What the task requires. Dropping every picture, set down exactly the lines in the entries below, starting with the line with "英文ロゴマーク(メイン)" and going on through the line with "ベッドとフレームの持ち運びに便利なキャリーバッグも付属".

[Data entries]
#####
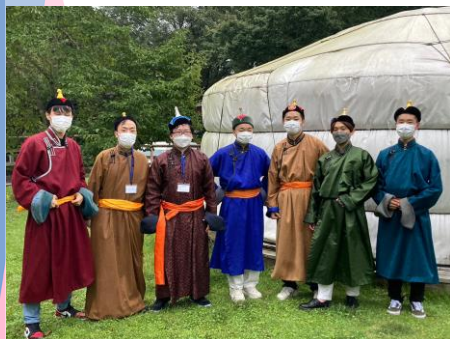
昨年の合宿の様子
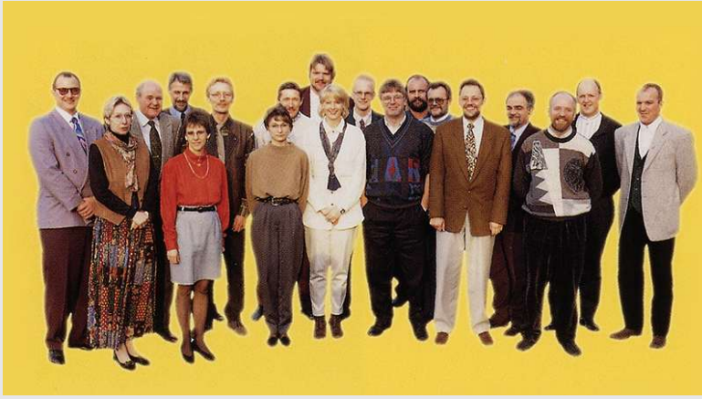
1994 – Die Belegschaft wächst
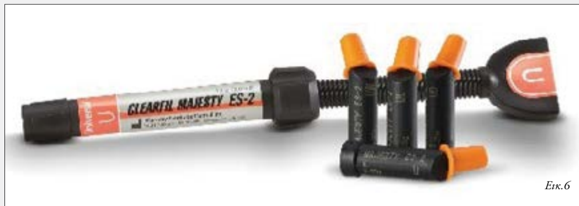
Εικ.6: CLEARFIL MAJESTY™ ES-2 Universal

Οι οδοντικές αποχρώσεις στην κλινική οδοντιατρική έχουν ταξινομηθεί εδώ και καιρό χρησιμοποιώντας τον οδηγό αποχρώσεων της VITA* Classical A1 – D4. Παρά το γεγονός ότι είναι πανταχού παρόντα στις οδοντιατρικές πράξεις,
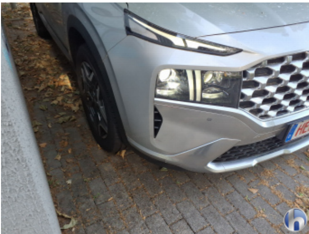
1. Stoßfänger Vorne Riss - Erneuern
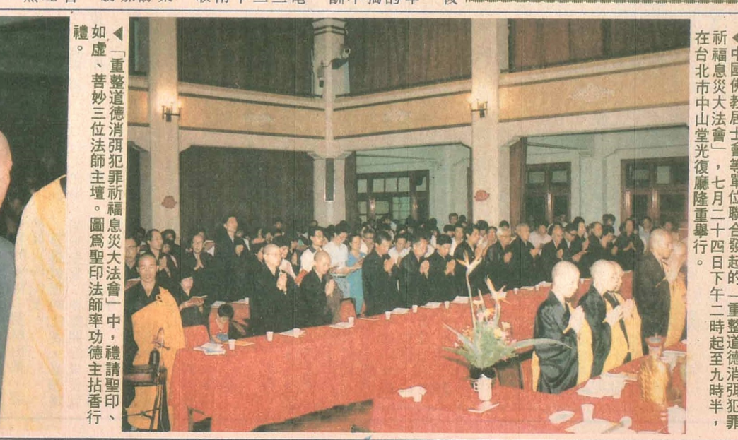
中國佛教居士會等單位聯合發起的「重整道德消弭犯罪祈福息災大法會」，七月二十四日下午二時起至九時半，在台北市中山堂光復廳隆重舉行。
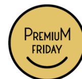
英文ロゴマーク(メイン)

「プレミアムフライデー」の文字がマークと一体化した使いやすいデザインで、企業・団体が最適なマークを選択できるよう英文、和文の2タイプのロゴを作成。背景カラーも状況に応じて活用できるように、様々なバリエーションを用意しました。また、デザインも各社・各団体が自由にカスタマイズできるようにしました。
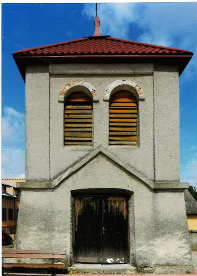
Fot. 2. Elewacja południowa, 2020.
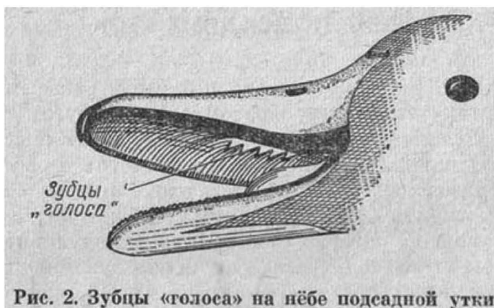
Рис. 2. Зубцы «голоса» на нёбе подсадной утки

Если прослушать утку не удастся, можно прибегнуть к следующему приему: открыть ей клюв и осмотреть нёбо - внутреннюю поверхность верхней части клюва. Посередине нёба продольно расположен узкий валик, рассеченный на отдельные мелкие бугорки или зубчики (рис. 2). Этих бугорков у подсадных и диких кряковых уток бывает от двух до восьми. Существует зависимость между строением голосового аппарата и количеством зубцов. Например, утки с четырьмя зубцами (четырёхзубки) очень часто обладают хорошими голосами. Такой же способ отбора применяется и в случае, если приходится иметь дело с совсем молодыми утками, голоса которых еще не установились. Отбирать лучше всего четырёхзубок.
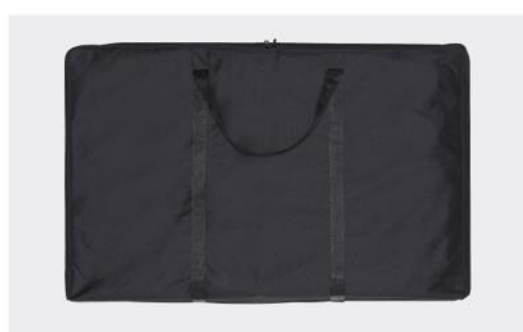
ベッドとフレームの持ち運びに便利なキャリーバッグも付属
#####
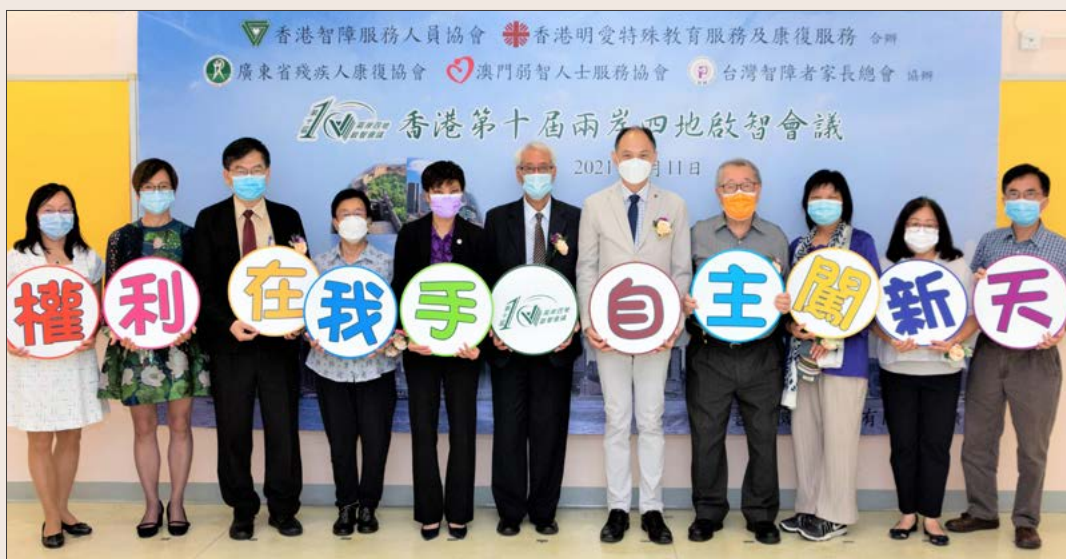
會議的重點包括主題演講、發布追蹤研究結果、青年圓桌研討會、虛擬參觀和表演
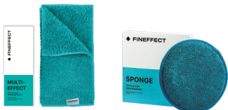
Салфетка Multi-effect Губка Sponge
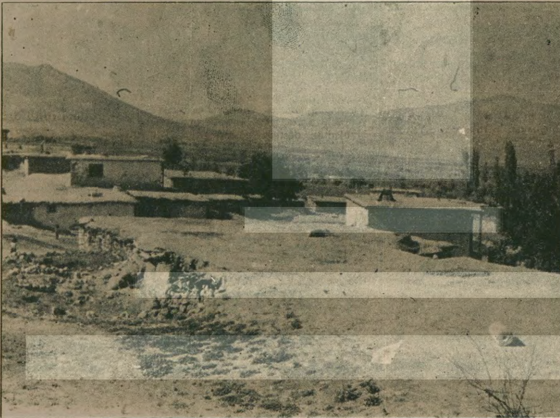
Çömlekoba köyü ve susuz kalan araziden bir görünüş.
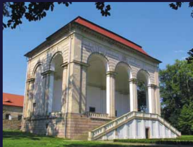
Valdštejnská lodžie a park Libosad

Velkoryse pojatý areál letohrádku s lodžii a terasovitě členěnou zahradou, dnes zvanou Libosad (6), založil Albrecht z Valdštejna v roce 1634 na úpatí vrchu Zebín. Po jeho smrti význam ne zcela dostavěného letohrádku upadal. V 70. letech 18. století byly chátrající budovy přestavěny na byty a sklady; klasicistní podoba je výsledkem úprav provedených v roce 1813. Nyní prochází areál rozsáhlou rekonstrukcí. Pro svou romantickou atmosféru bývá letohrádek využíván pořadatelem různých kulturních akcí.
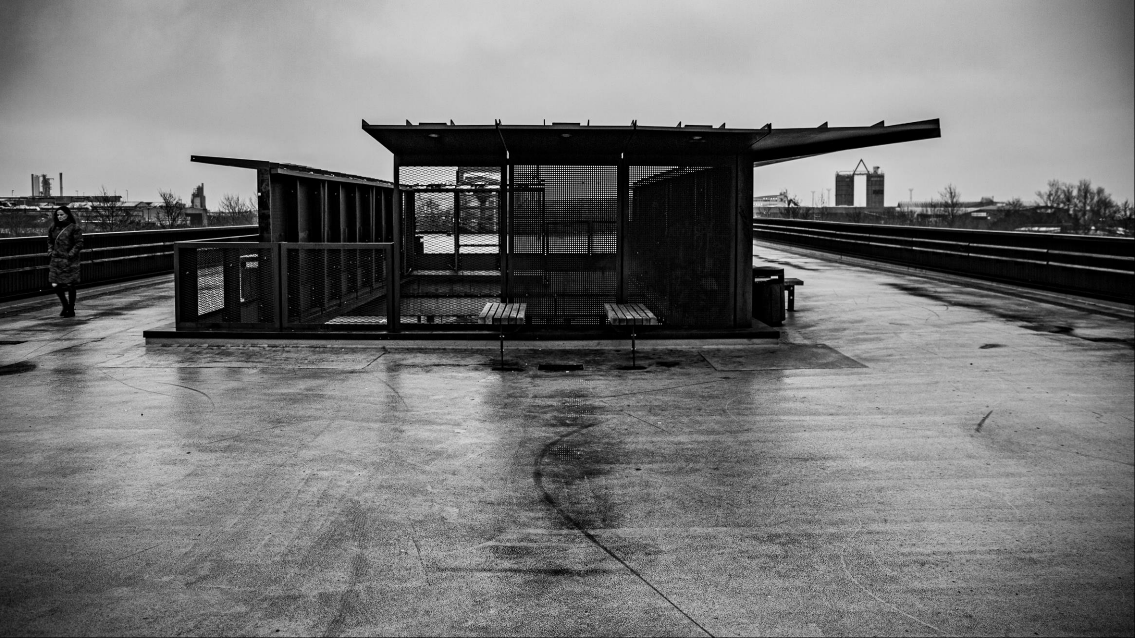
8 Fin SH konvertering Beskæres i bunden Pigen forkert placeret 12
#####
Finished exercise.
英文ロゴマーク(メイン)

「プレミアムフライデー」の文字がマークと一体化した使いやすいデザインで、企業・団体が最適なマークを選択できるよう英文、和文の2タイプのロゴを作成。背景カラーも状況に応じて活用できるように、様々なバリエーションを用意しました。また、デザインも各社・各団体が自由にカスタマイズできるようにしました。
Fot. 2. Elewacja południowa, 2020.
Рис. 2. Зубцы «голоса» на нёбе подсадной утки

Если прослушать утку не удастся, можно прибегнуть к следующему приему: открыть ей клюв и осмотреть нёбо - внутреннюю поверхность верхней части клюва. Посередине нёба продольно расположен узкий валик, рассеченный на отдельные мелкие бугорки или зубчики (рис. 2). Этих бугорков у подсадных и диких кряковых уток бывает от двух до восьми. Существует зависимость между строением голосового аппарата и количеством зубцов. Например, утки с четырьмя зубцами (четырёхзубки) очень часто обладают хорошими голосами. Такой же способ отбора применяется и в случае, если приходится иметь дело с совсем молодыми утками, голоса которых еще не установились. Отбирать лучше всего четырёхзубок.
ベッドとフレームの持ち運びに便利なキャリーバッグも付属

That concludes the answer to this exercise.